PM'd him. =) I'll post his reply when I get it. I also asked him about the fish we're interested in purchasing from him.


----------



## turtlehead (Nov 27, 2004)

And how about him overstocking on some ADA stuff we want on that day too? In particular some rocks and wood.


----------



## epicfish (Sep 11, 2006)

Alright, post what ADA stuff you want here too.

Someone wanted some Manten stone before. Did you grab that already or not? Any other scaping supplies that you want Kirt to order if he can?


----------



## Neon Shrimp (Apr 26, 2006)

xcooperx said:


> since we having the meeting at All about Fish, im thinking of upgrading my Flourite to ADA AS, how much kirt sell each bag?


They are $34.99 each 9L bag.

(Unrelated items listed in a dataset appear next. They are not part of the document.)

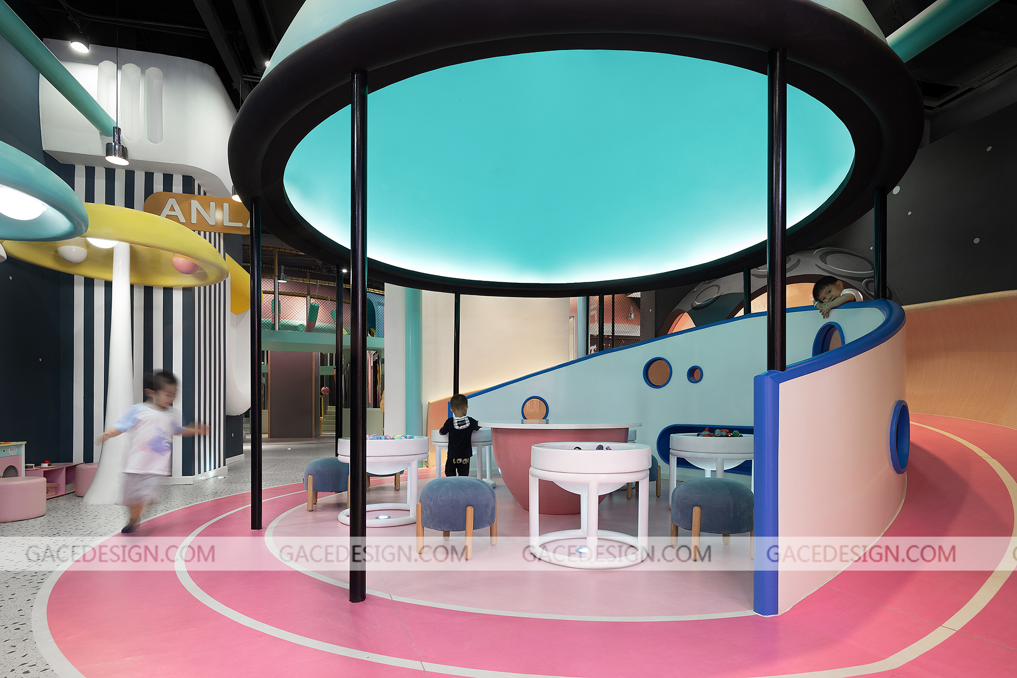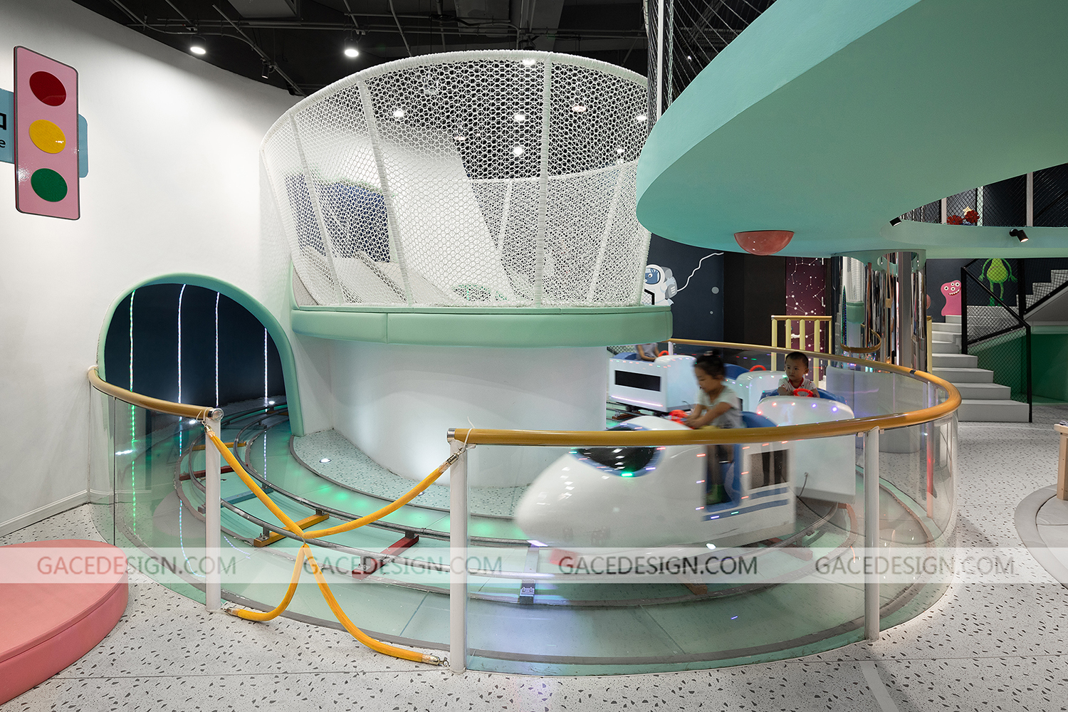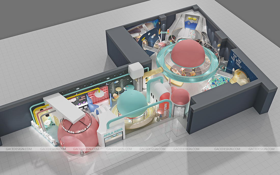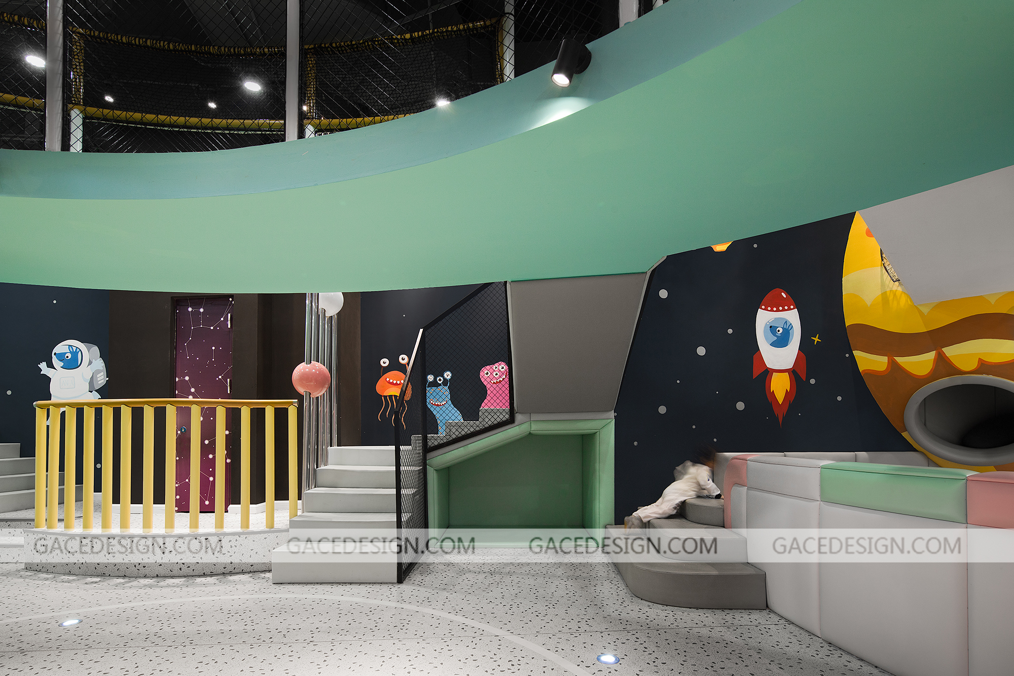 設(shè)計(jì)師將游樂場(chǎng)主題定為“未來星球”,以“未來”作為設(shè)計(jì)方向,以“星球”做為設(shè)計(jì)的核心。各種體量的“星球”在太空中穿行,打造出豐富多彩的星球世界。設(shè)計(jì)師根據(jù)孩子的冒險(xiǎn)精神設(shè)定多種游戲玩法和路線,孩子進(jìn)入游樂場(chǎng)后,首先需要了解故事背景,在置身其中不斷迎接挑戰(zhàn),最終完成“拯救家園”的任務(wù)。整個(gè)游樂場(chǎng)分為前端接待區(qū)、中端靜態(tài)游戲區(qū)、后端動(dòng)態(tài)游戲區(qū)。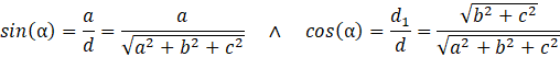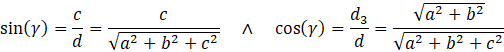 Dany jest prostopadłościan o długościach krawędzi 𝑎, 𝑏, 𝑐. Przeprowadź przekątną 𝑑 w tym prostopadłościanie. Wyznacz trzy płaszczyzny zawierające pary odcinków: przekątną prostopadłościanu oraz przekątne kolejnych ścian (𝑎 ⨉ 𝑏, 𝑎 ⨉ 𝑐, 𝑏 ⨉ 𝑐). Zauważ, że w płaszczyznach zawarte są trójkąty prostokątne. Przekątne ścian według twierdzenia Pitagorasa mają długość równą: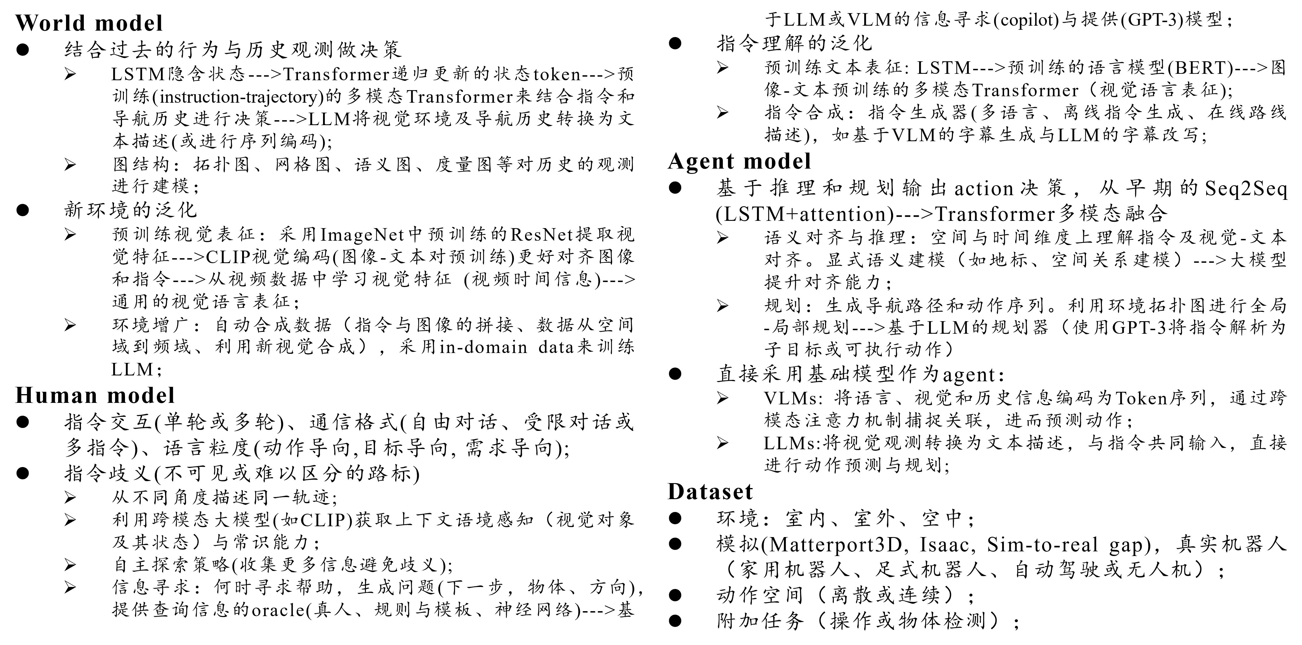此外,作者还引入了基于LAW(论文:Language models, agent models, and world models: The law for machine reasoning and planning)框架的系统框架,用于组织和理解VLN中的多模态推理和规划任务,强调了基础模型在构建世界模型和智能体模型中的作用。 作者,从world model、human model和VLN agent三个角度对VLN的挑战进行了分类,并提供了相应的解决方案。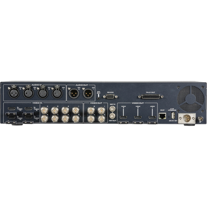 videoswitcher 4K Datavideo SE-4000 este un switcher UHD cu 12 intrari, gandit pentru productii live unde ai nevoie de multe surse si flexibilitate mare. Configuratia include 8 intrari 12G-SDI si 4 intrari HDMI, iar din cele 12 poti selecta 8 canale live pentru lucru in productie (select 8 din 12). La iesiri ai in total 7 output-uri: 4x 12G-SDI si 3x HDMI, utile pentru program, multiview, feed-uri secundare sau inregistrare.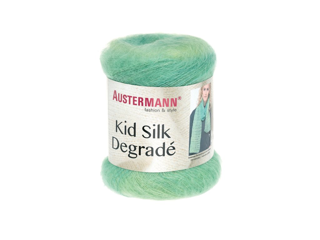 Práce s touto přízí je velmi rychlá, zvláště při použití transparentních pletacích vzorů krajkového typu. Příze Kid Silk Degradé je vhodná především pro dámskou módu, ať již svetry, kabátky či kabáty nebo pro oděvní doplňky, především šály.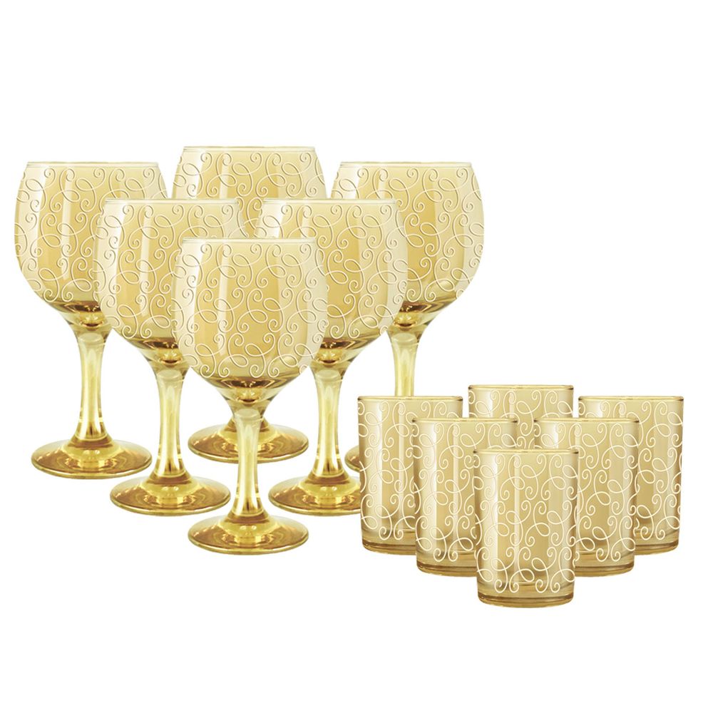 Набор 12 предметов с узором "Ажур" цвет "Янтарь" (EC168-411/837/S/J/12)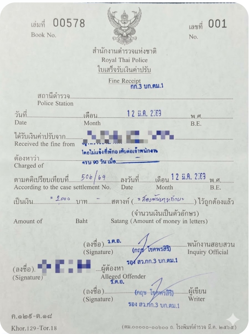 - 文書の種類: タイ王立警察が発行した公式な罰金領収書(ใบเสร็จรับเงินค่าปรับ)。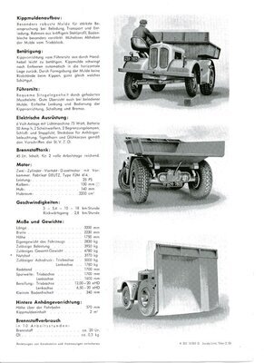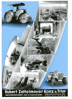 Ein Werbeblatt der Firma Zettelmeyer. Beworben wird der Autoschütter Typ K. Hierbei handelt es sich um einen sogenannten Vorderkipper, mit dem Schüttgut aller Art transportiert werden kann. Ein Vorderkipper ist ein Baustellenfahrzeug mit einer kippbaren Ladefläche für Bau- oder Aushubmaterial. Auf der Vorderseite des Prospektes befindet sich der Firmenname und das Firmenlogo. In einer größeren farbigen Aufnahme ist ein Baustellenfahrzeug mit einem Ladeflächenaufbau und in drei kleiner Aufnahmen je ein Muldenkipper sowie zwei Autoschütter im Arbeitseinsatz, zu erkennen. Auf den Seiten 2 und 3 werden der Fahrzeugaufbau des Autoschütters Typ K, die einzelnen Fahrzeugkomponenten, die Fahrzeugmaße und die Verbrauchsdaten beschreiben. Die Rückseite des Prospektes enthält Abbildungen zu verschiedenen praktischen Einsatzmöglichkeiten dieses Baustellenfahrzeuges. Zusätzlich sind im oberen linken Teil eine Straßenwalze und im unteren rechten Bereich ein Dieselschlepper abgebildet. Im Übrigen sind am Ende der 4. Seite die Firmenangaben abgedruckt. Der Prospekt wurde von dem in Trier ansässigen Industriegrafiker Erich Prinz erstellt.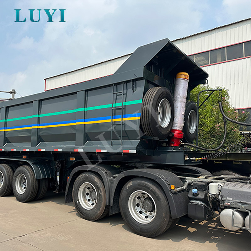 The 4-axle 100-ton U-shaped hydraulic rear dump semi-trailer from LUYI, originating in Shandong, China, is a dedicated tool for transporting bulk goods such as sand, gravel and coal. Constructed with high-quality carbon steel, it has precise dimensions of 12050x2550x3600MM and a maximum load capacity of 100 tons, whose powerful performance meets the needs of heavy-duty transportation.
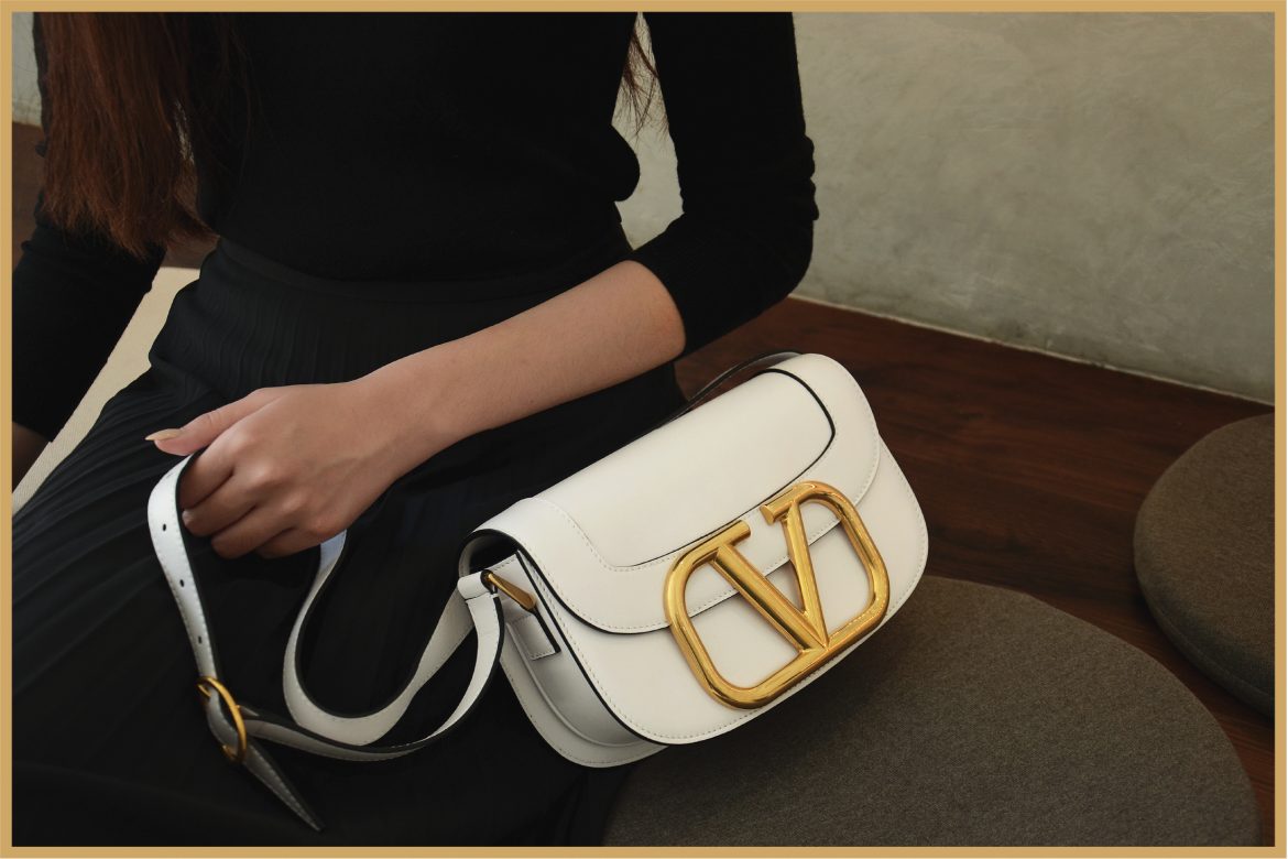 The Valentino SuperVee distinguishes itself by a statement maxi antique brass VLogo, an archival house emblem from the 70’s. Available in three sizes – mini, small, and medium – and a spectrum of neon colours as well as black and white Vitello leather. Look forward to good capacity with the gusseted compartment construction, in good style. It also features a flat pocket, magnetic closure and adjustable shoulder strap. The Valentino SuperVee retails from SGD3,180 for the mini, the medium (as featured) retails at SGD3,680.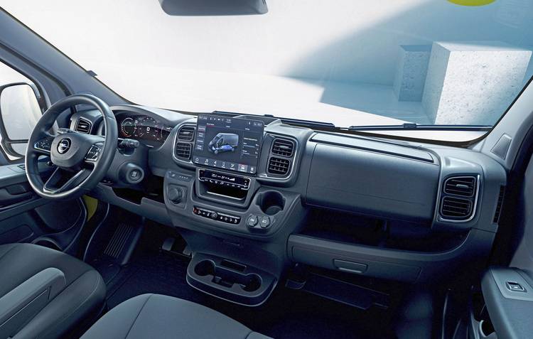 Im neugestalteten Cockpit, dessen Instrumentenbord mit großem Display deutlich Pkw-ähnlicher als bei Vorgänger-Versionen wirkt, kann man mehr als 20 Assistenten aktiv werden lassen. Dabei geht es nicht allein um elektronische Helfer wie Parksensoren oder Frontkollisionswarner & Co. Opel kündet auch von assistiertem Fahren auf Level 2. Damit ist die optionale Fähigkeit überschrieben, dass die Kombination aus Geschwindigkeitsregler mit Stop & Go-Funktion, Spurhalte- und Stauassistent dafür sorgen kann, dass der Movano bei Geschwindigkeiten bis zu 30 km/h – zum Beispiel im stockenden Verkehr – selbstständig lenken, bremsen und beschleunigen kann (Aufpreise in zwei Stufen: 1.200 bzw. 1.700 Euro).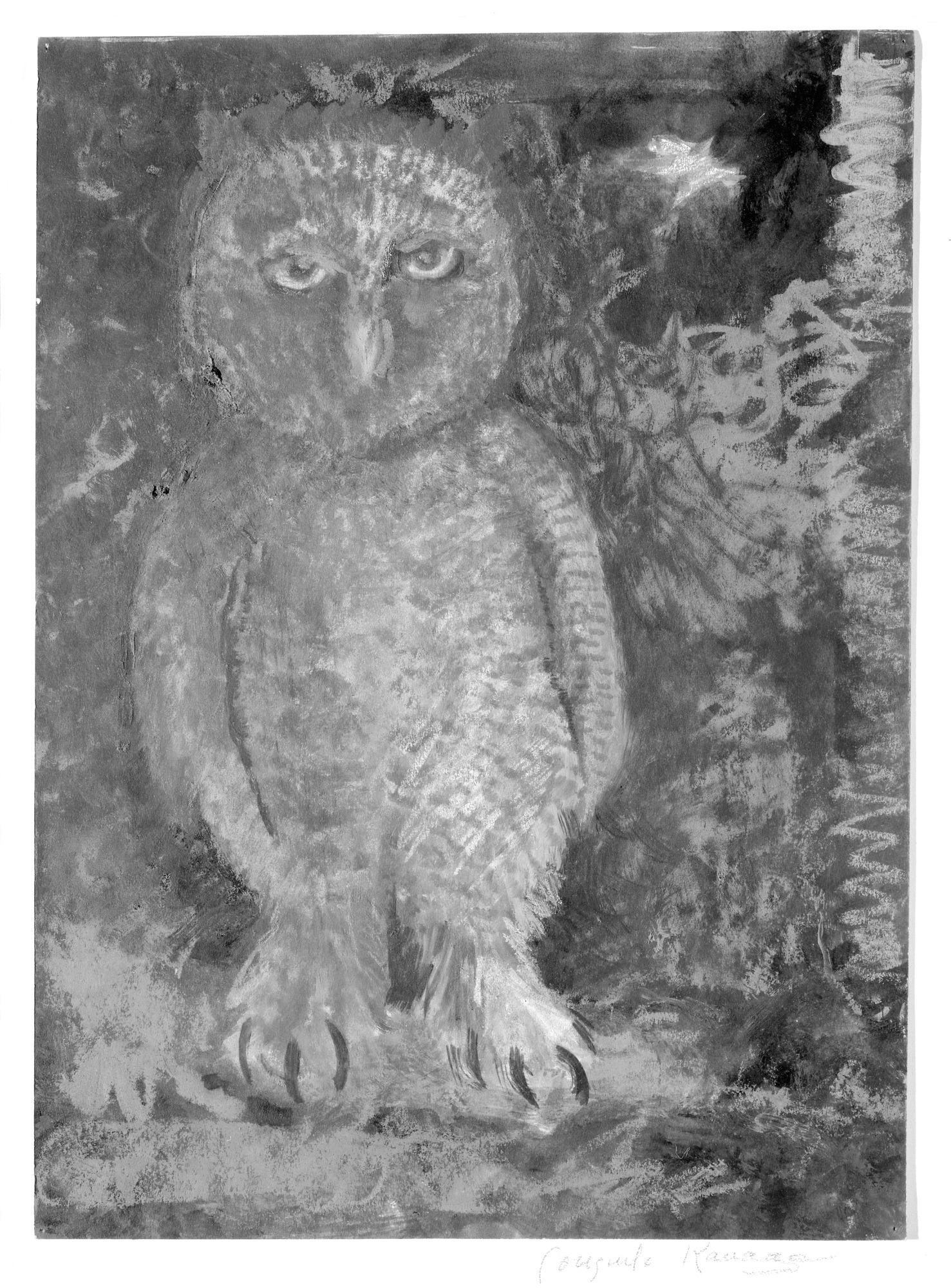 Consuelo Kanaga (American, 1894–1978). [Untitled] (Owl), Pastel and watercolor on paper, mounted, Sheet: 14 x 10 1/8 in. (35.6 x 25.7 cm); Support: 24 x 18 in. (61.0 x 45.7 cm). Brooklyn Museum, Gift of Wallace B. Putnam, 81.318.28. copyright transferred to Brooklyn Museum by the Estate of Wallace Putnam. (Photo: Brooklyn Museum)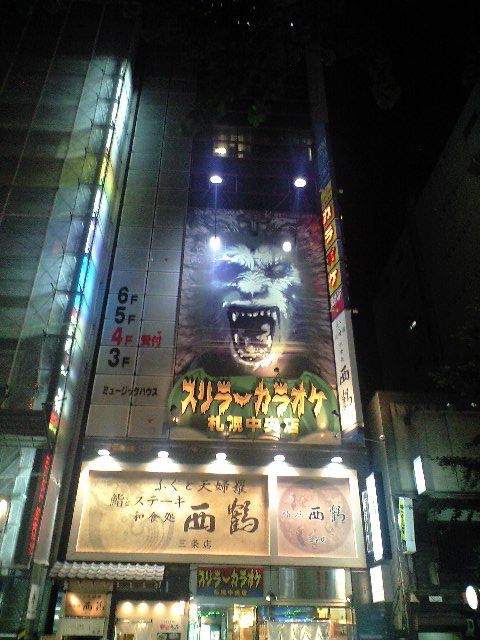 スリラーカラオケ、見るからに怪しいお店です♪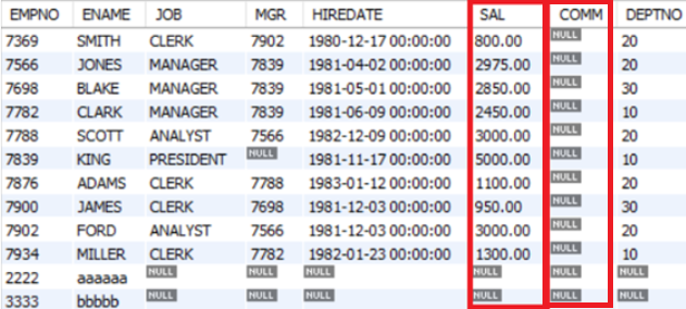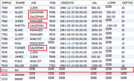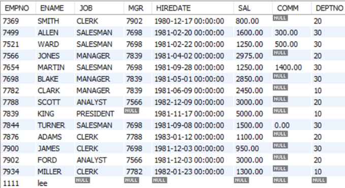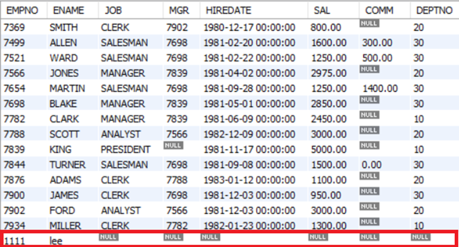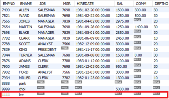 > INSERT INTO emp(empno, ename) VALUES (1111, 'lee');

I think I want to pick up a bag during the meeting also .


----------



## epicfish (Sep 11, 2006)

Neon Shrimp said:


> They are $34.99 each 9L bag. I think I want to pick up a bag during the meeting also .


Post in the meeting thread then. =P

And Southern California Aquatic Plant Enthusiasts too, if you haven't been to the private SCAPE forums.


----------



## turtlehead (Nov 27, 2004)

All the ADA stone he can get, I'll buy as much as I can that day. Seiryu and maten stone in particular, but there are others too, just forgot the names.


----------



## guppy (Mar 7, 2004)

ADA doesn't carry Seiryu stones anymore it is possible to get it from another source though I talked to Aquaforest about this today.


----------



## slickwillislim (Oct 11, 2005)

Green neon tetras (Paracheirodon simulans). I bought the last 15 he had. Want a nice big school for my 60g. They look really nice schooling around.


----------



## epicfish (Sep 11, 2006)

guppy said:


> ADA doesn't carry Seiryu stones anymore it is possible to get it from another source though I talked to Aquaforest about this today.


Where's the source? I'll be up in NorCal this coming week, so if you let me know, I might be able to grab some and bring it back.


----------



## guppy (Mar 7, 2004)

Aquaforest has to get them through a difference supplier other than ADA...


----------



## IUnknown (Feb 24, 2004)

John,
you might want to stick with the Seiryu stone. The manten runs $8.99 a lb. from what I remember.


----------



## epicfish (Sep 11, 2006)

IUnknown said:


> John,
> you might want to stick with the Seiryu stone. The manten runs $8.99 a lb. from what I remember.


ADA doesn't stock Seiryu anymore. AquaForest gets their Seiryu from another source now. Someone else told me that...I think it was Shane? I forget. It's in a post here.

The Seiryu is out of stock on the ADG shop too.


----------



## Justintoxicated (Oct 19, 2006)

*Stuff I need*

Well I'd like to meet everyone but I can't gaurantee I will make it for the meet with the holidays Bitrhdays and for me, last minute trips to Glamis Sand Dunes.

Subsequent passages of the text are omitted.